Do you struggle with answering behavioral interview questions? Not even sure what they are? Behavioral questions demand that the candidate describe a specific event from their past, such as “tell me about a time that you had to deal with a conflict at work…” These can be challenging, not just because you must think of a situation, but you also must answer the question in detail and conclude with a tangible result.
Why They Exist
The theory behind behavioral interviews is that your past performance will be indicative of your future behavior. This is why HR and hiring managers alike ask for specific examples from the past. Plus, it is a pretty good test for how well you can think on your feet and formulate a comprehensive answer that really addresses all the components of the question.
Difficulties in Preparation
While most candidates already have prepared answers for typical questions like “what is your greatest weakness” or “tell me about yourself,” it is more difficult to prepare for behavioral questions. There are some behavioral questions that have become more popular in the last few years, but in general, not all companies are using the same list of questions. In fact, employers will often customize these questions for their specific situation and needs. This means that preparing canned answers usually won’t work – instead, you must train your brain in HOW to answer behavioral questions, rather than just rattling off memorized answers.

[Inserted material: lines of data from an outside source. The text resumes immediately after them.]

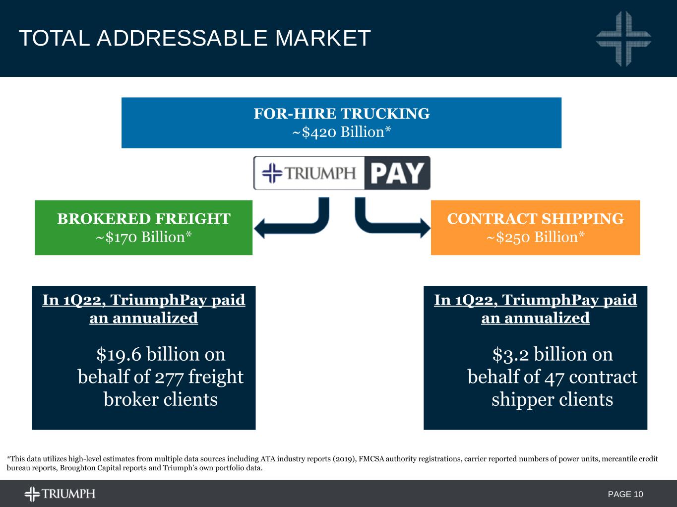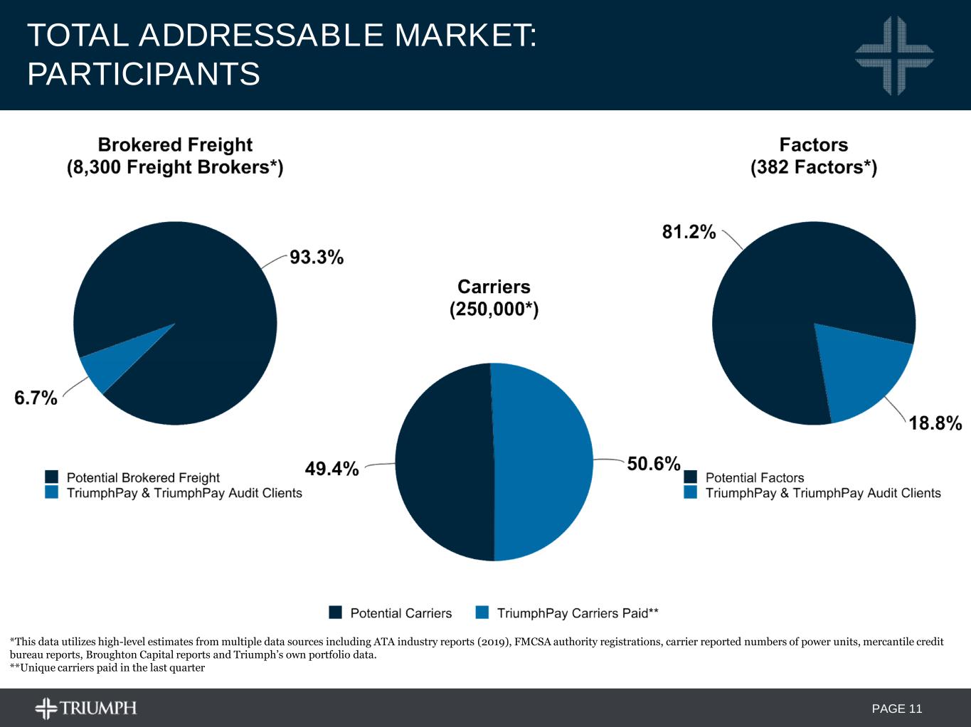 PAGE 10 FOR-HIRE TRUCKING ~$420 Billion* CONTRACT SHIPPING ~$250 Billion* BROKERED FREIGHT ~$170 Billion* *This data utilizes high-level estimates from multiple data sources including ATA industry reports (2019), FMCSA authority registrations, carrier reported numbers of power units, mercantile credit bureau reports, Broughton Capital reports and Triumph’s own portfolio data. TOTAL ADDRESSABLE MARKET In 1Q22, TriumphPay paid an annualized $19.6 billion on behalf of 277 freight broker clients In 1Q22, TriumphPay paid an annualized $3.2 billion on behalf of 47 contract shipper clients
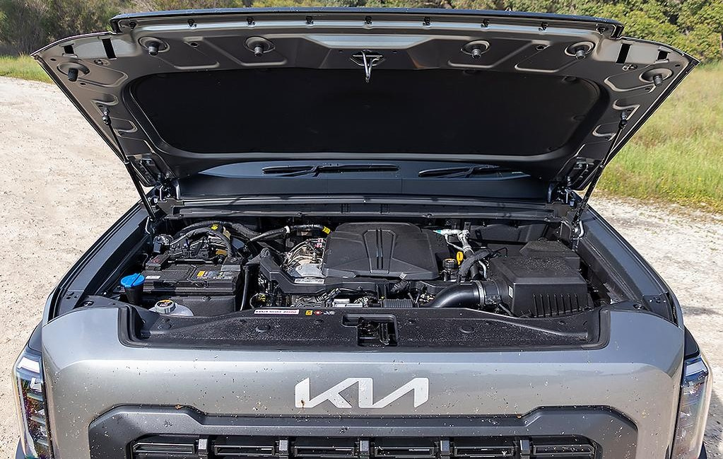 پیشرانه پیکاپ کیا تاسمان از نوع ۲.۵ لیتری چهار سیلندر توربوشارژ با فناوری پیشرفته تزریق مستقیم سوخت (GDI) است که توانایی تولید ۲۸۱ اسب بخار قدرت و ۴۲۱ نیوتنمتر گشتاور را دارد. این ارقام نهتنها تاسمان را در جایگاه بالاتر از اکثر پیکاپهای چینی بازار ایران قرار میدهد، بلکه از نظر بازدهی و شتاب نیز در حد و اندازه رقبای ژاپنی ظاهر میشود. قدرت موتور از طریق گیربکس اتوماتیک ۸ سرعته (AT) به محور عقب منتقل میشود و در شرایط آفرودی با فعال شدن سیستم دو دیفرانسیل هوشمند (4WD) و دنده کمکی به تمامی چرخها توزیع میگردد.
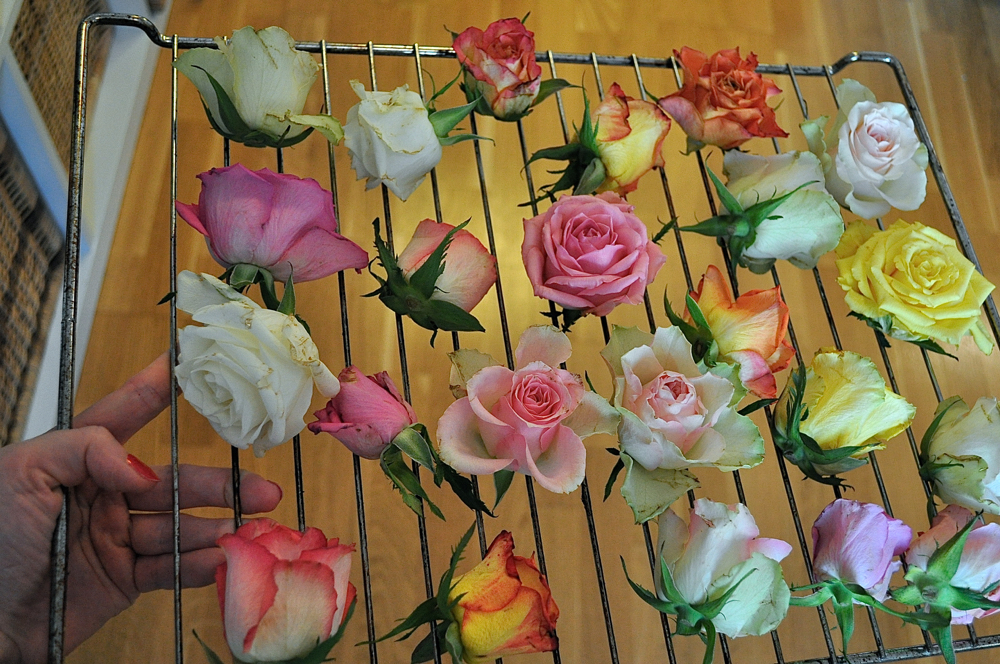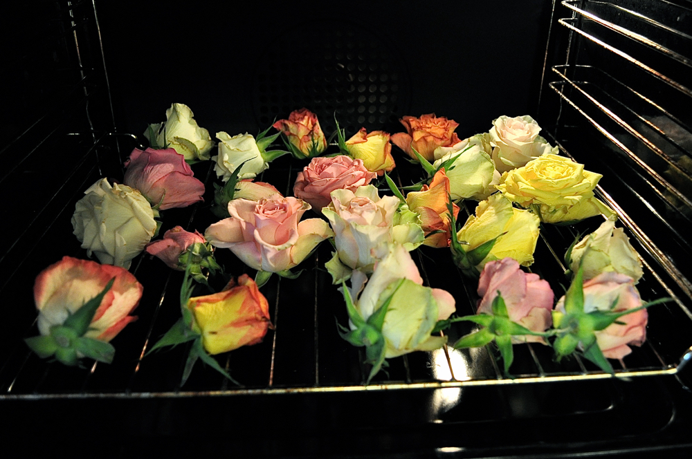 Etter at rosene hadde blitt tørre nok til at kronbladene begynte å falle fra hverandre, «demonterte» jeg dem, og la dem inn i ovnen på nytt for å tørke dem grundig sammen med to vaniljestenger jeg hadde liggende (som hadde gått ut på dato).

Tell-Tale Sign of a Behavioral Question
Not sure of what denotes a behavioral question? Pay attention to the way it is asked. If it starts with anything like “tell me about a time…” or “describe a situation…” or “give me an example…” or similar language, you better start thinking of some story that will fit their criteria.
The STAR Method
One of the best strategies for a behavioral question is the STAR method. This consists of 4 components to the answer: a situation, a description of your task, the action you took, and the result:
S = Situation: A specific, real world example that relates to the question
T = Task: Job duties or responsibilities within that situation
A = Action: What you actually did
R = Result: the measurable outcome of your action
Here’s an example:
Question: Tell us about a time when you had to manage a large project.

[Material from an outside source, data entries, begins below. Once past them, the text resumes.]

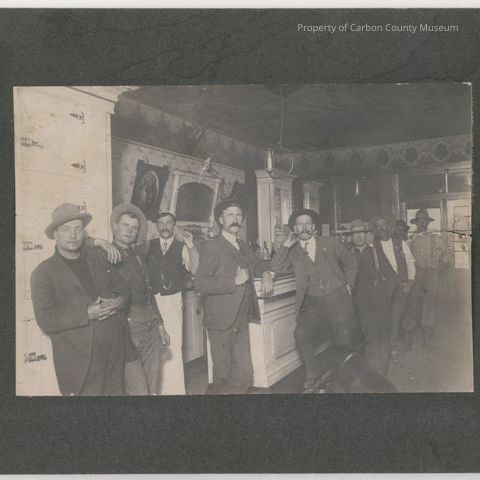 Written on back in blue ink: "Interior of a saloon in Dillon Wyo. about 1905 or 6" "Given by George Baker Encampment, Wyo."
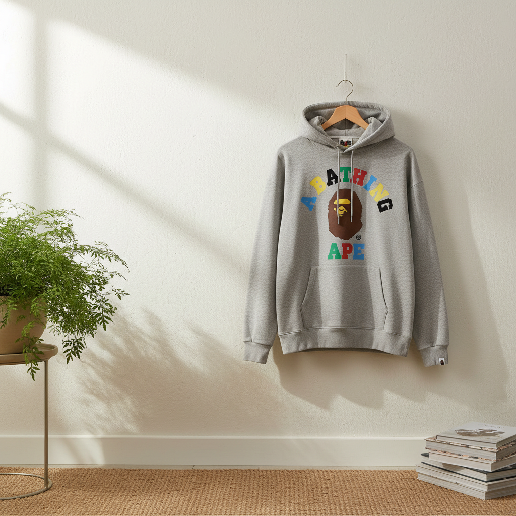 BAPE Grey Collaboration Hoodie – soft cotton fabric with colorful letters and iconic Ape Head print, classic streetwear style, loose fit for men and women, warm and stylish everyday wear.
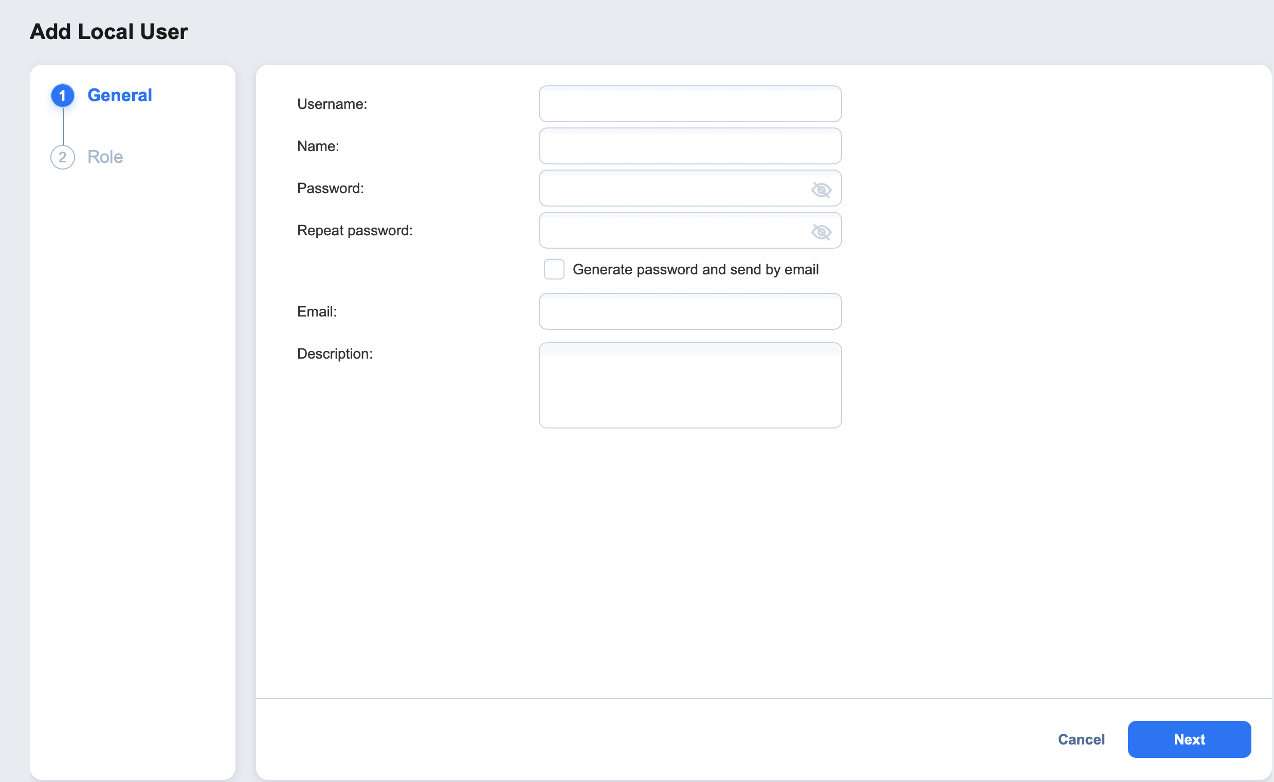 Se abre la página Añadir usuario local. Proceda como sigue:
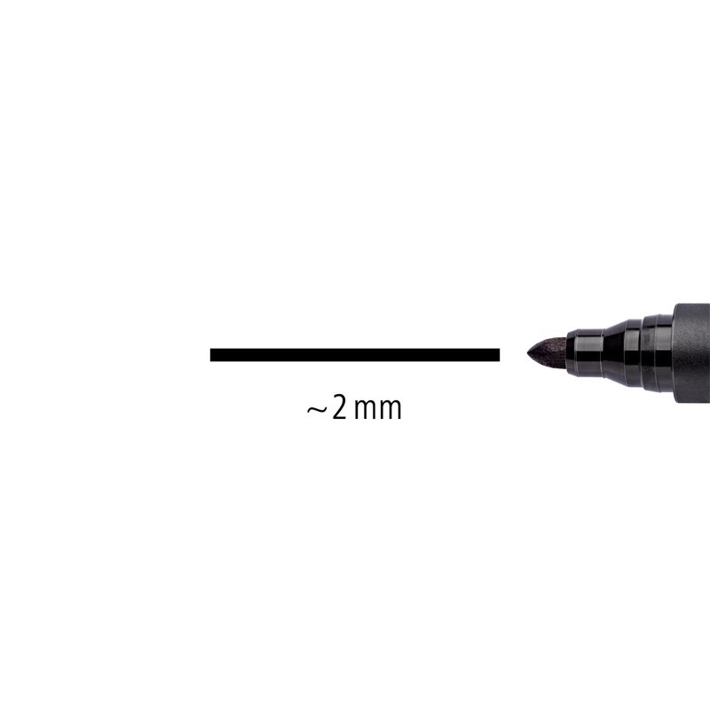 Marker za pisanje po svim površinama. Dry Safe Ink tehnologija sprječava sušenje otvorenog markera do 14 dana. Suši se za nekoliko sekundi, tako da je idealno i za ljevake. Airsafe tehnologija (automatsko izjednačavanje tlaka sprječava curenje olovke u zrakoplovu). Trag širine 2-5 mm.

[Situation] Our company was putting on a conference for our employees scattered around the state.
[Task] As the executive assistant, my supervisor tasked me with organizing the event.
[Action] I selected the speakers, found a venue, contracted with caterers and managed the attendee list
[Result] Many of the 500 employees that attended stated it was the most meaningful conference in the past 5 years.
As you can see, this may be longer than the answer that you are used to giving. That’s part of the trap. Candidates feel like they have been talking too long, so they cut off the result from their answer. However, the result is the most important part!
Preparing for Behavioral Interviews
The best way to prepare for these types of questions is to practice writing out your answers to as many questions as you can find. Yes, it’s tedious. Yes, it can be boring. However, you really need to put pen (or keyboard) to paper to work out your answers. Just reading a list of questions is not going to help prepare for challenging and complex behavioral questions.
How To “Behave” In the Interview
Since you have few chances to prepare for specific questions, be ready to exercise some flexibility during the interview itself. If you find yourself in the midst of a behavioral interview, follow these tips to get your brain in gear:
- Don’t forget to breathe.
- Repeat back part of the question to help solidify your answer and give you more time to think of an appropriate situation.
- Don’t answer a behavioral question with a hypothetical response. If you honestly haven’t had a situation like what the employer has posed (for example, “tell me about a time you lead a team that failed” but you never managed a team before), DO preposition your answer with: “while I haven’t faced that yet, here’s what I would do…”
- Always come to a clear result at the end of your answer.
- If you feel like you spoke too long, ask the interviewer, “would you like to hear more?” This gives both of you an escape and an opportunity to move onto other subjects.
- Don’t use the same situation for every answer. It’s a common trap for candidates to keep coming back to the same story. To an interviewer, this looks like you have very limited experience (plus, it’s boring).
Some Practice Questions to Get You Started
While there are literally hundreds of behavioral questions, here’s a few that are very popular with hiring managers and HR departments alike:
- Tell me about a time when you had to deal with a conflict at work.
- Tell me about a time when you went above and beyond your job description.
- Describe an achievement that you are very proud of and was very difficult to accomplish.
- Give me an example of a time when you couldn’t provide a service that your customer wanted. How did you handle it? What was the outcome?
- Tell me about a decision you made while under a lot of pressure.
- Describe a mistake you made or a project that failed. What did you learn from it?